• _Work to complete_
Retype only the lines from the top of the records to the line with "Åkte sen direkt", including that line but none of the pictures.

• _Data to use_

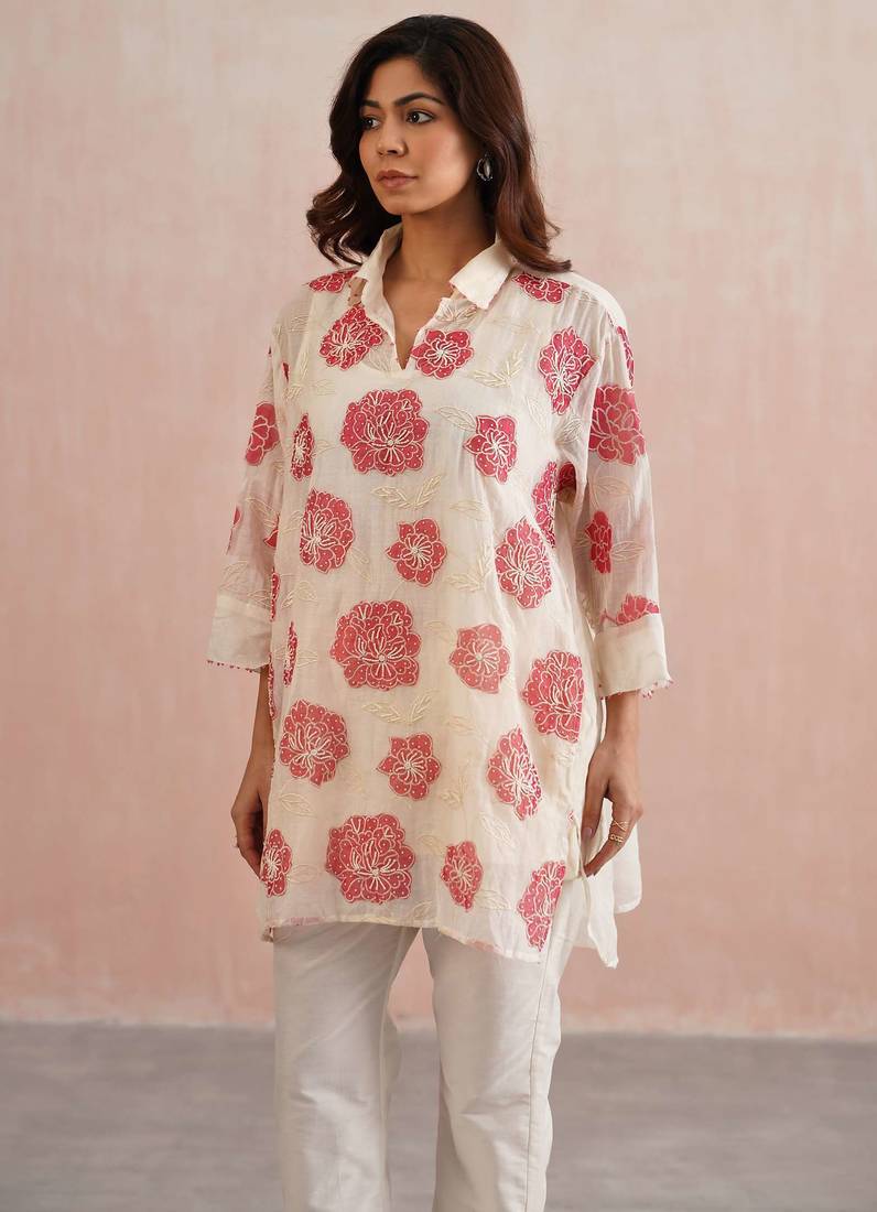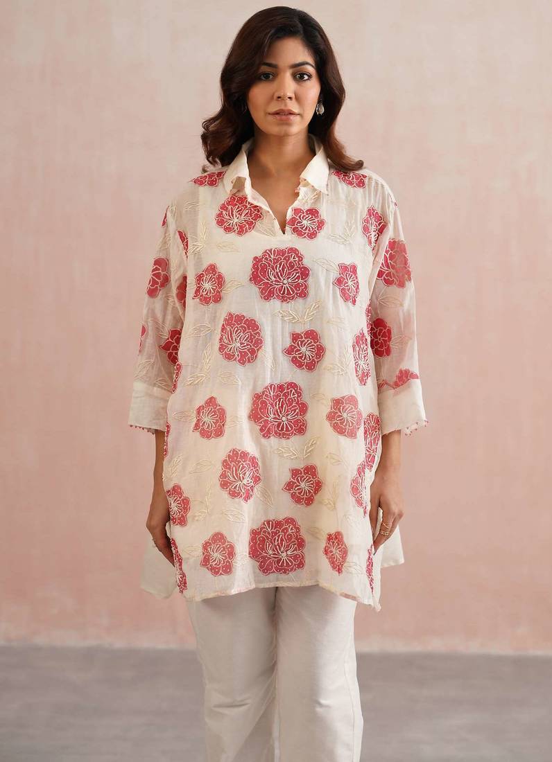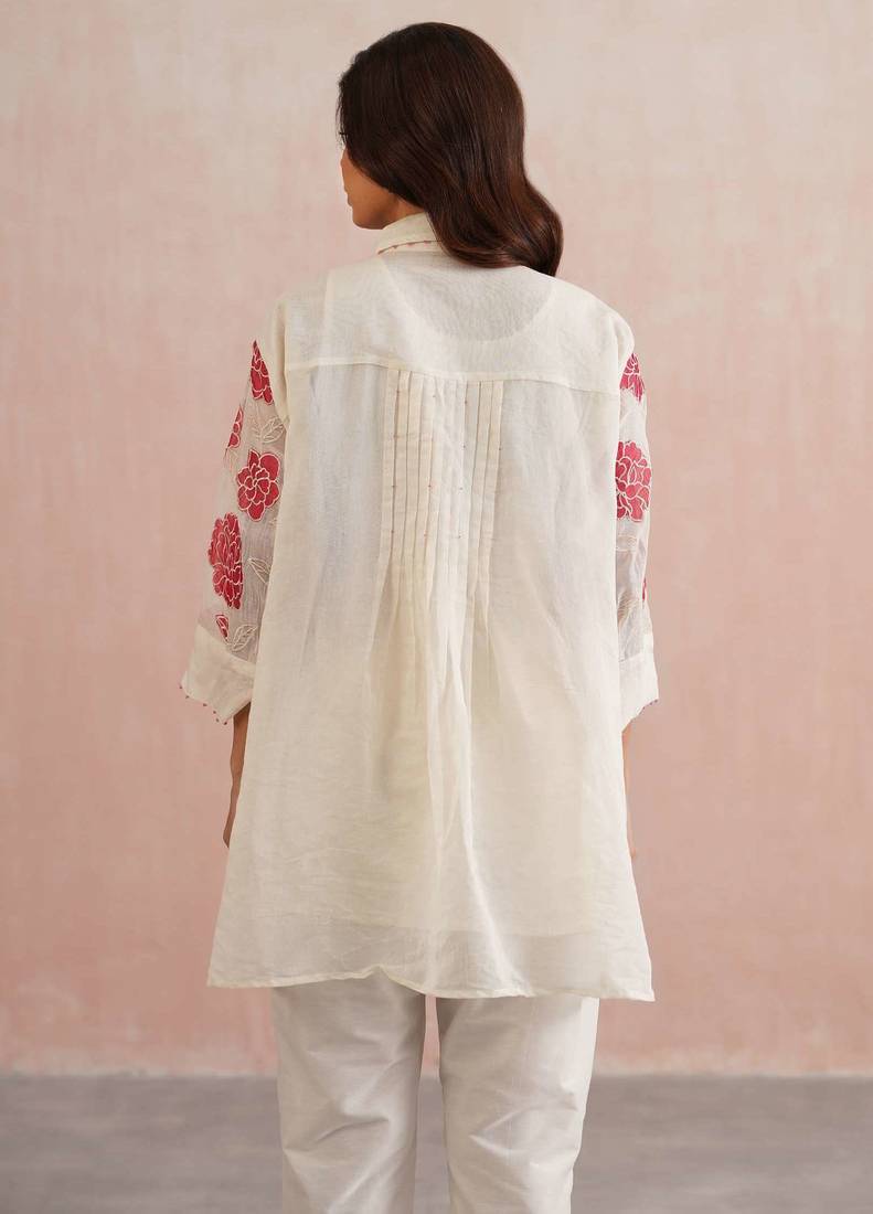 | Product Description | A Vibrant Blend Of Comfort And Craft, The Scarlet Set Features A Free Size, Oversized Shirt In Ivory Mul Chanderi, Adorned With Striking Red Floral Appliqué Embroidery. Each Bloom Is Meticulously Handcrafted With Delicate Pearl Detailing, While Red Bead Accents Along The Collar And Sleeve Cuffs Echo The Floral Hue.
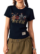 BeerBro Floral Mosaic Rhinestone T-Shirt for Women
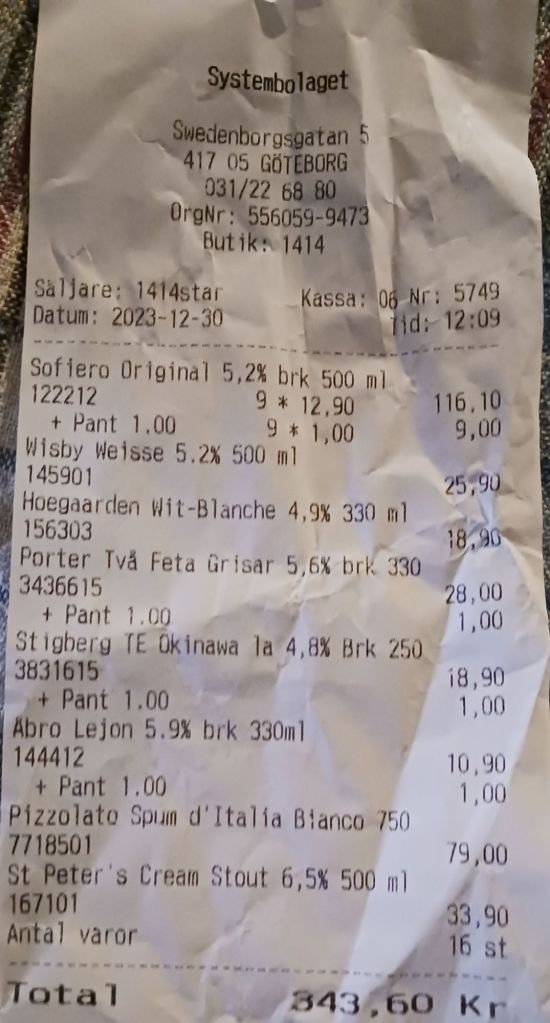 Åkte sen direkt till bolaget och köpte några öl.
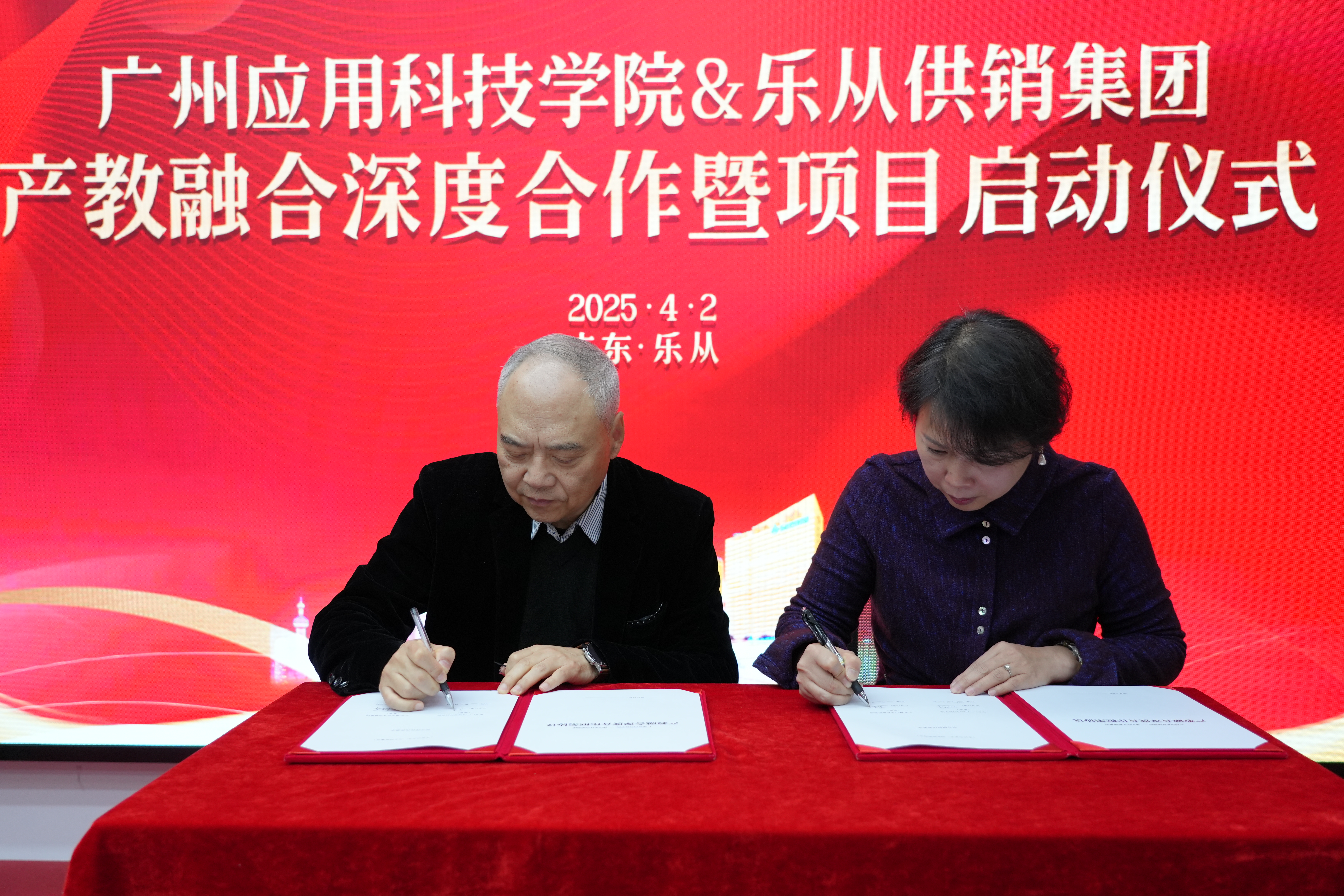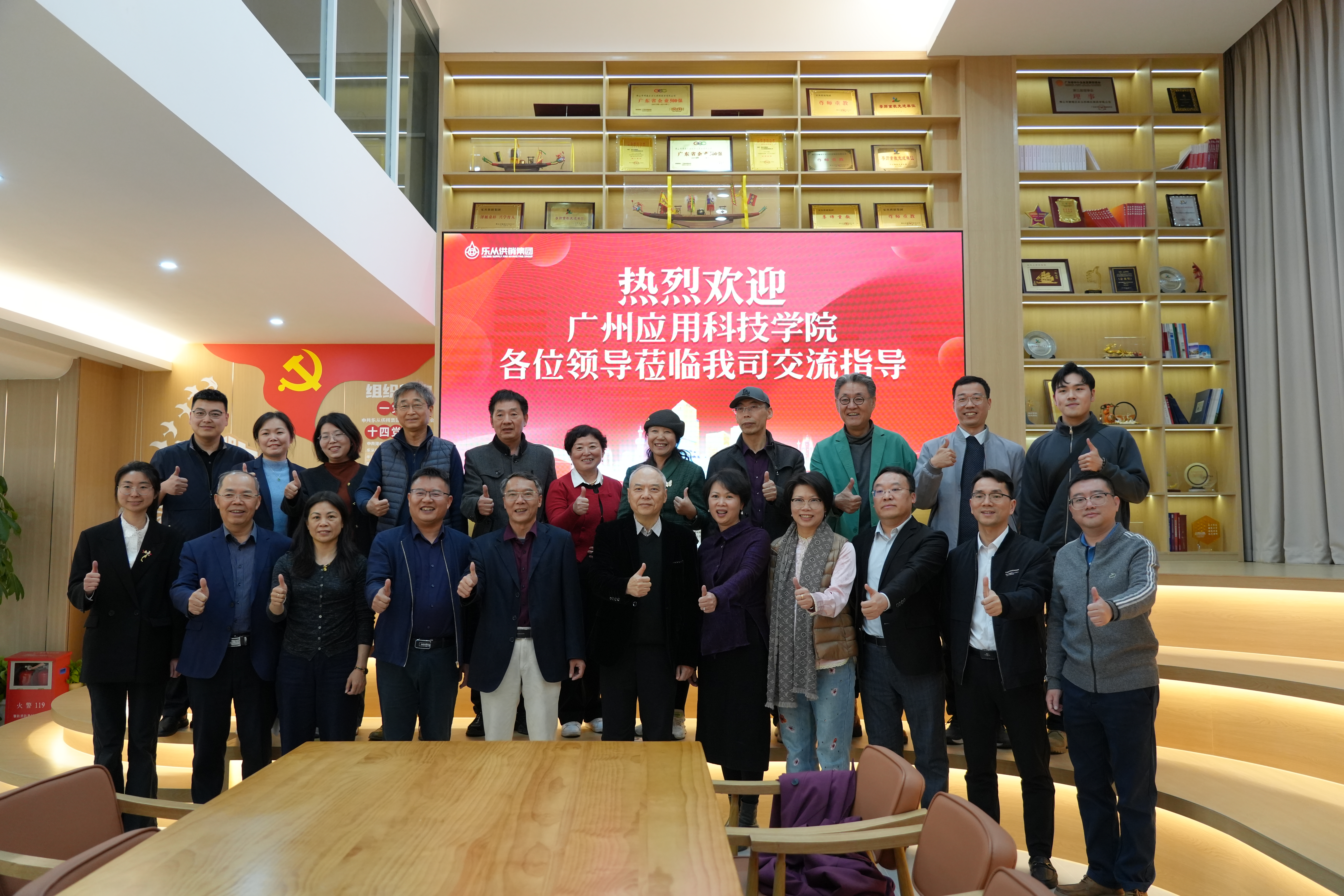 为进一步深化产教融合,推进协同育人、科研合作,4月2日下午,广州应用科技学院与佛山乐从供销集团产教融合深度合作会议,在顺德的乐从集团总部举行。校企双方领导讲话并进行战略合作协议签约,共同确定在人工智能开发运用、人才培养、成果转化等方面开展合作,并立足长远、优势互补、资源共享、互惠双赢,整合创新资源,深化产教融合,推进协同育人,在高质量发展的道路上携手并进、走深走实。
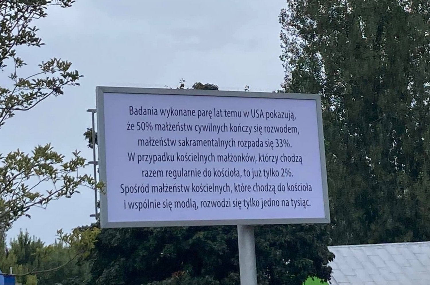 - Badania wykonane parę lat temu w USA pokazują, że 50 procent małżeństw cywilnych kończy się rozwodem, małżeństw sakramentalnych rozpada się 33 procent - czytamy na bilbordzie z nowej kampanii Fundacji "Nasze Dzieci". Ciekawe!
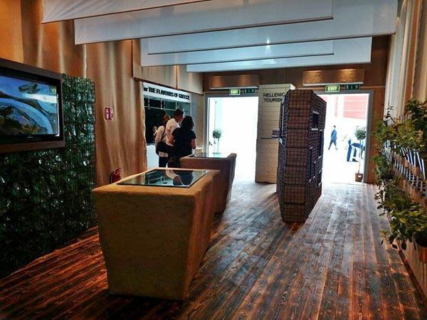 Έως εδώ όλα καλά, είναι μία επιλογή που έχει πιθανόν ένα σκεπτικό οικονομίας αν δεν πρόκειται απλά για αδιαφορία και ολιγωρία. Το πρόβλημα είναι ότι το ελληνικό περίπτερο δεν έχει σχεδόν τίποτα να πει. Οι λιγοστοί επισκέπτες βγαίνουν με πολλά ερωτηματικά. Πανιά-οθόνες κρέμονται από την οροφή χωρίς να φαίνεται αυτό που προβάλλεται, κάποιες κατασκευές με συρματοκιβώτια στο κέντρο και γλάστρες με αρωματικά, κάποιες άδειες, κάποιες ήδη μαραμένες, 20 μέρες από την έναρξη.
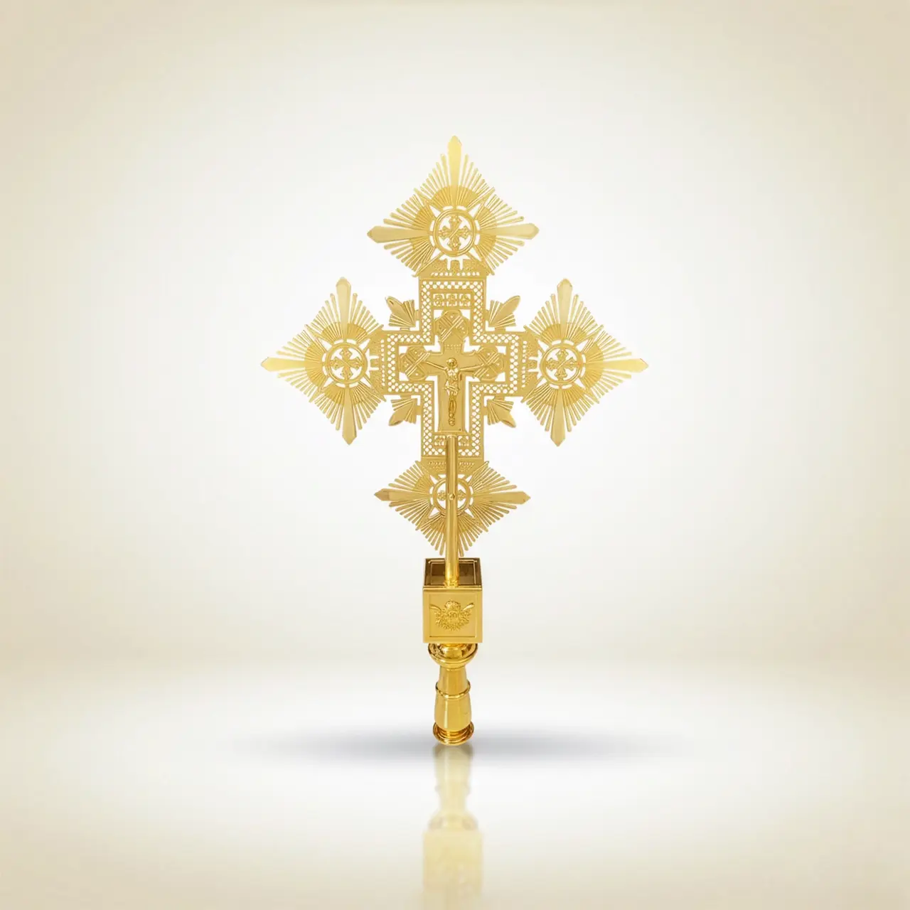 Elegant gold crucifix cross depicting Christ for altars or devotional use.

• _Output_
 | Product Description | A Vibrant Blend Of Comfort And Craft, The Scarlet Set Features A Free Size, Oversized Shirt In Ivory Mul Chanderi, Adorned With Striking Red Floral Appliqué Embroidery. Each Bloom Is Meticulously Handcrafted With Delicate Pearl Detailing, While Red Bead Accents Along The Collar And Sleeve Cuffs Echo The Floral Hue.
 BeerBro Floral Mosaic Rhinestone T-Shirt for Women
 Åkte sen direkt till bolaget och köpte några öl.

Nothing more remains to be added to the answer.